Magne Hoseth  (born Magne Hoset on 13 October 1980) is a Norwegian football coach and former footballer who played for Averøykameratene, Molde (two times), Copenhagen, Viking, Aalesund, Stabæk, Notodden and Kristiansund. On 21. November 2022 he was presented as manager of Faroese Champions KÍ - Klaksvík, leaving the job as assistant coach in Eliteserien club Kristiansund BK. As a footballer, Hoseth won a total of 6 trophies, featuring 4 Tippeligaen titles, one Norwegian Cup title and one Royal League title. From his debut in 2001, he has played 22 matches for the Norway national football team.

Career

Early career
Hoseth started his career in his local club IL Averøykameratene. In 1999 was he signed by Molde.

Molde
In his first season for the club from Romsdal he performed well both in the Tippeligaen and in the Champions League. His breakthrough came when he came in as a substitute and scored two goals against CSKA Moscow in the 1999–2000 UEFA Champions League 2nd qualifying round, second leg. He was also a regular in the Norwegian youth national team.

Copenhagen
In the summer of 2004 Hoseth was transferred to the Danish team F.C. Copenhagen. He was very popular in Copenhagen, and was named 2004 player of the year at the club, despite playing only four months that calendar year.  Because of his homesickness he wanted to go back to Norway and left the club in 2005.

Vålerenga
In June 2005 he was signed by Vålerenga from Oslo. He won the 2005 Tippeligaen while at the club.

Second spell at Molde

In July 2006 he returned to his old club Molde. Despite the team was relegated to 1. divisjon, Hoseth chose to stay in Molde. He became Tippeligaen champion in 2011, 2012 and 2014. With the club, Hoseth won the Norwegian Cup in 2013 after scoring defining goals both in the semifinal against Lillestrøm and later in the final against Molde's main rivals Rosenborg. Hoseth scored Molde's 3–2 goal in the final which ended 4–2. Hoseth made a total of 364 appearances for Molde, the third-highest number of appearances by any player for the club. With 84 top division goals, Hoseth is Molde's all-time top scorer in Eliteserien.

Later career
On 30 July 2014, Hoseth moved to Stabæk, signing a contract for the remainder of the 2014 season.

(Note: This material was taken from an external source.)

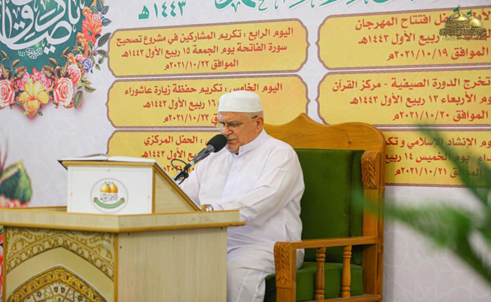 في إطار سعي الأمانة العامة للعتبة الكاظمية المقدسة متمثلة بخادم الإمامين الكاظمين الجوادين الدكتور حيدر حسن الشمّري، وأعضاء مجلس إدارته الموقّر بتفعيل روابط التواصل القرآني، وإسهامها في نشر الثقافة القرآنية من خلال تعاونها وتواصلها مع نشاطات المؤسسات القرآنية في ربوع عراقنا الحبيب، وضمن فعاليات اليوم الرابع لمهرجان ربيع الولادة الذي يُقام في العتبة الكاظمية المقدسة تحت شعار: (على صِراط أحمد)، أقام مركز القرآن الكريم التابع لقسم الشؤون الفكرية والثقافية في العتبة المقدسة وبالتعاون مع رابطة القرآنيين في محافظة واسط، حفل تكريم العاملين في المشروع القرآني الوطني في زيارة الأربعين لتصحيح قراءة سورة الفاتحة، وكوكبة من البراعم الطلبة من حفظة القرآن الكريم في محافظة واسط، بحضور نخبة من الشخصيات الدينية ومسؤولي الدور والمؤسسات القرآنية.
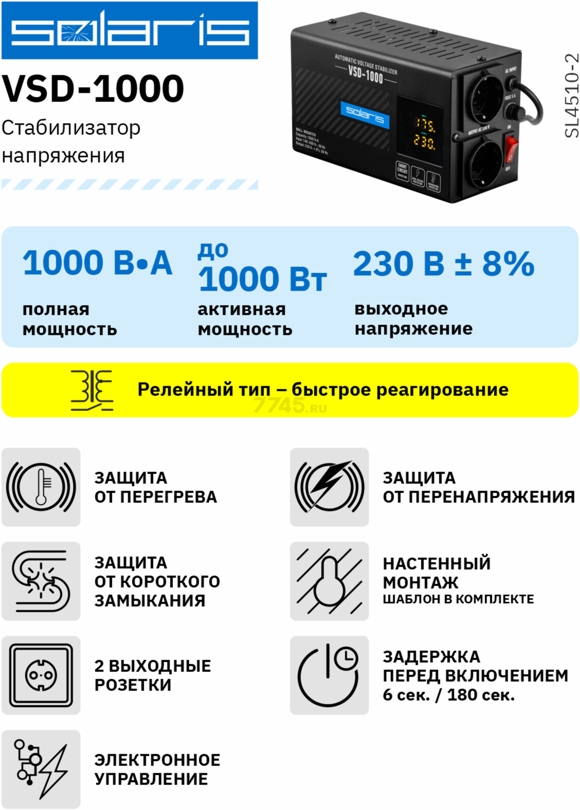 Описание товара Стабилизатор напряжения SOLARIS VSD-500 (SL4510-1)

After short stays with Viking and Aalesund through the 2015 season, Hoseth signed a 2-year contract with 2. divisjon side Notodden before 2016. On 16 August 2017 he signed a contract with Kristiansund BK. In the club's first ever season in the top flight, Hoseth helped them stay up and finish seventh on the Eliteserien table. On 10 January Hoseth announced his retirement on Twitter.

International career
Hoseth made a total of 37 appearances and scored eleven goals for Norway at youth international level.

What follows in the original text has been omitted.